Making bagels from scratch is so rewarding - when they are fluffy on the inside and crunchy on the outside, nothing beats it. I have spent a lot of time traveling to the USA and I quickly became hooked on a great bagel. I pretty much has one every single day with out fail. I just love a warm toasted bagel. But they are just not as good here and once you have had a classic New York bagel you can't go back!!!
My kids always wanted to try this so called New York bagel that in their words "I couldn't shut up about". So I have tried and tested this recipe until it was a close as I could get it to that memory planted on my brain and with a bit of help from my twin brother and pastry chef, we have accomplished the great American bagel!
So kids, enjoy!
New York Style Bagels
- Prep Time: 2 hours
- Cook time: 30 mins
- Serves: 10
- Preheat The Oven To 180°
1 cup warm water
½ cup warm milk
2 ½ teaspoons dry yeast
2 tablespoons granulated white sugar
4 cups bread flour + additional for kneading
2 teaspoons salt
1 teaspoon baking soda
2 to 3 tablespoons honey
1 ½ teaspoons salt
1 large egg
1 tablespoon whole milk
What makes bagels so good is the variety of spreads and fillings. This is where the world becomes your oyster because you can decide to have what ever you want with your bagels.
They can be severed up sweet, savoury or even with just plain old butter. But if you are unsure what to try first I highly recommend smoked salmon, white onion, dill and cream cheese filling in our sesame seed and sea salt bagel.
Make the Dough
To make the dough, we start by proofing the yeast. To do this, pour ¼ cup of warm water, sprinkle the yeast, then add 1 teaspoon of sugar into a jug. Mix well, cover and set it aside for about 10 minutes. It should start to froth and bubble.

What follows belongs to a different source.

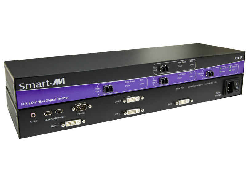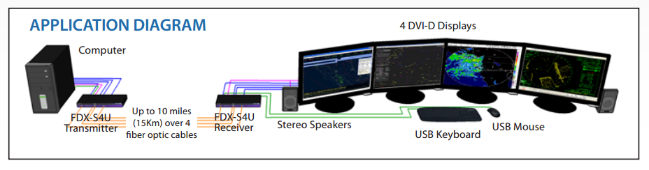 The FDX-S4U consists of a transmitter and receiver that extend four DVI-D outputs, with audio, USB keyboard and mouse, and RS-232 control. For exceptional quality and security, fiber optic extension is the best solution. The FDXS4U can go the distance with single-mode fiber optic cabling with a reach of up to 9 miles.

2. Now, in a large bowl mix (we use the eKu Whisk in Avocado) together the bread flour, salt, and remaining sugar. Pour in the remaining 3/4 cups of warm water, warm milk, and proofed yeast we set aside earlier.
Knead the dough for a few minutes until elastic and soft. We started kneading in my bench mixer to combine the ingredients and then finish by hand, but don't knead for too long, just enough so the dough is light. If you find the dough is too dry you can add little splash of water or on the other end if the mixture is too sticky you can add a sprinkle of flour.
3. Place kneaded dough on a clean surface and use a rolling pin to into a slab. This will make it easier to divide the dough into 8-10 equal servings. Then roll the divided dough into a cylinder and meet the ends around to from a bagel shape and place on a large everyday chopping board
Boiling The Bagels
Fill a large pot up with water about 3/4 of the way up and bring to the boil. Once bubbling add honey and baking soda. By doing this you will help create that beautifully golden crust and enrich the flavour of the bagels you get at the end. You can place a few in the pot at a time, but try to keep them separated from each other. Tt should take around 4-8 minutes but once they start to float they are ready to be taken out of the water. Repeat this process until all the bagels have been boiled.
Whisk together the egg and splash of milk to create the egg wash. This will help the topping stick better. Brush the boiled bagels with the egg wash and sprinkle or add your toppings of choice. I decided to go with both a sweet and savoury option with Sea Salt and Sesame and then a cinnamon sugar bagel.
Once you have the toppings to your liking. Move your bagels to a baking tray ready to be baked. Place them into the oven for about 20 minutes or until golden brown and crispy on the outside. This doesn't take long so keep an eye on them!
The bagels are now ready to be enjoyed. use a knife to cut them in half and add your choice of filling or enjoy them freshly baked and warm!